The time to squeeze out more efficiency is when everything is in spec.

What kind of approach do you generally take? Do you follow the “if it ain’t broke, don’t fix it” mantra, or are you more the “it’s good, but it could be better” type? In electronics manufacturing, continuous improvement is often discussed, but how much does your organization adhere to this philosophy when the shop floor is humming and everything is within spec? This is when process engineers should try to squeeze out even more efficiency.

Certainly, there is urgency around a process that is not running as it should. However, when all the lights on the line are green, there is likely opportunity for more improvement than you realize. Consider challenging the process through the lenses of incremental cost reduction and quality enhancement.
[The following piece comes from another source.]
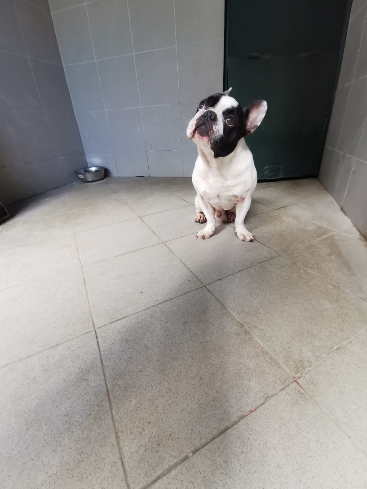 Отдают французского бульдога, 8 лет, кастрирован, жил у бабушки и дедушки, остался один.

In the stencil printing process, there are several possible avenues for lowering cost and raising quality, even when everything is within spec:

Cost down. The first and most obvious area for resource optimization is understencil cleaning. This sub-process of stencil printing has several costs associated with its operation, including time (output reduction) and a fixed cost (fabric and solvent consumables) for every clean. A majority of print platform suppliers ship equipment with relatively liberal default settings for fabric advance (how much is used for each clean) and solvent volume. This is based on assumptions a manufacturer may be cleaning a very dirty stencil with numerous apertures across the entire length of the fabric, so high debris removal must be accommodated. In essence, the defaults are set for worst-case scenarios, as is fairly standard practice. Optimizing these settings based on specific process conditions has the potential to reduce waste through streamlined consumables delivery.

The other understencil cleaning analysis that should be conducted is cleaning frequency. In addition to elevated consumables use, there is an output cost: When you’re not printing, you’re not producing. Leveraging sophisticated software and SPI tools can deliver deep data analysis and a recommended cleaning frequency that allows the process to remain in control. Perhaps you’re cleaning too often, and that is money wasted.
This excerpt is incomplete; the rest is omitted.